I have mentioned my thoughts on the future of AI in classrooms in the previous paragraphs so I will summarize here. AI has the potential to and will likely take over how we teach and learn software engineering. It has already begun to become an essential part of software development in many real world applications and has also begun to infiltrate education as well. Whether this effect will be damaging to future software engineers is yet to be seen and hard to predict.

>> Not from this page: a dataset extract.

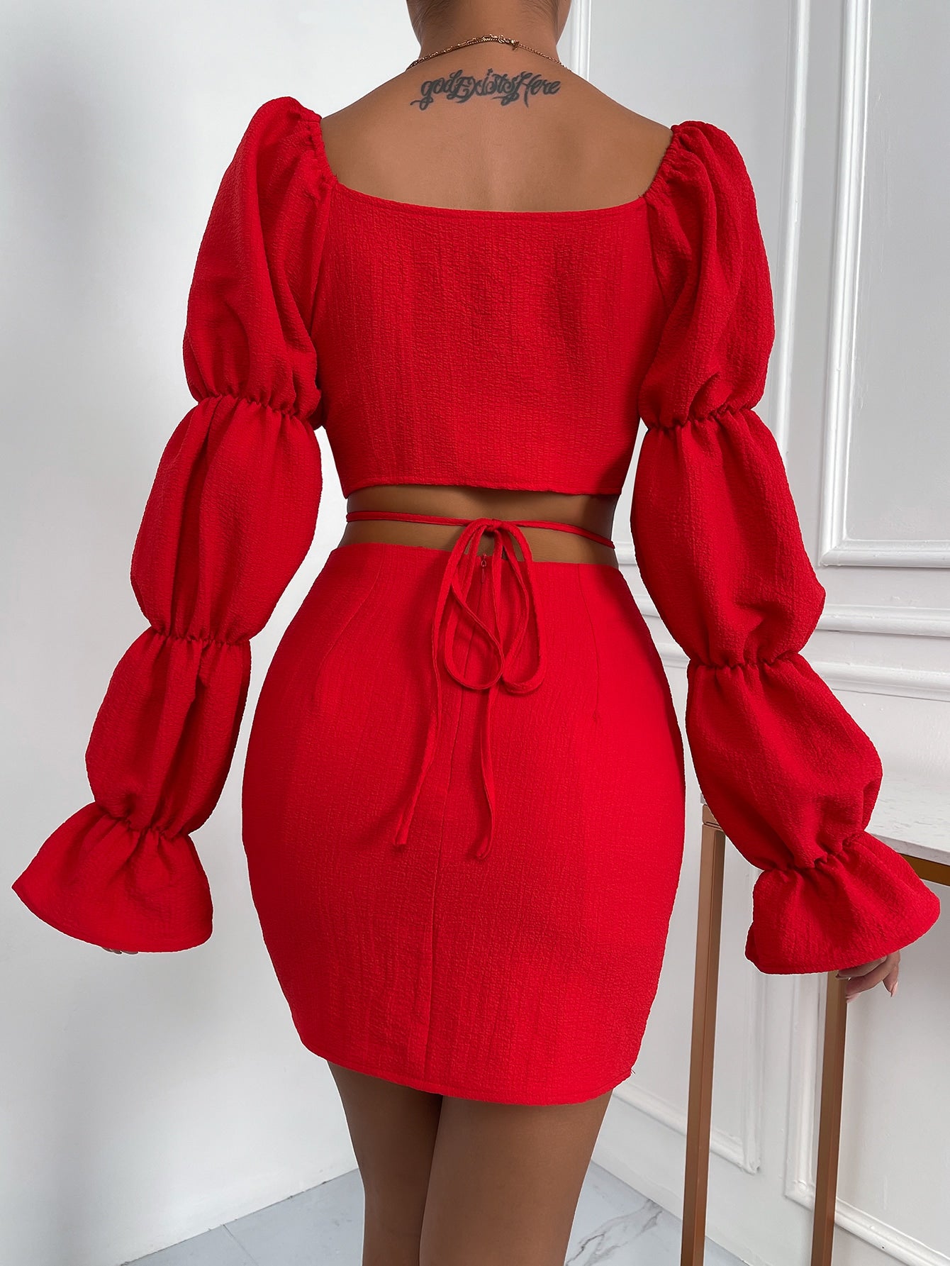 Ausschnitt, gesammelten Ärmeln, Crop Top & Figurbetonter Rock

I believe educators have two options when it comes to the future of teaching software engineering, either lean in and explain how to use these tools to best enhance learning or to shift to a more abstract approach and utilize the hands on parts as a supplemental aspect of learning similar to a lab class in physics or chemistry. Like it or not AI will be a part of the field of software engineering and what role it plays is up to the entire field in a sense. There is also the possibility that as consensus software engineers decide that AI is unethical and it becomes part of an ethics checklist that students will have to learn about although I do not think that future is likely. The more common option is that we will live in a world in tandem with AI tools, in the classroom and in the field.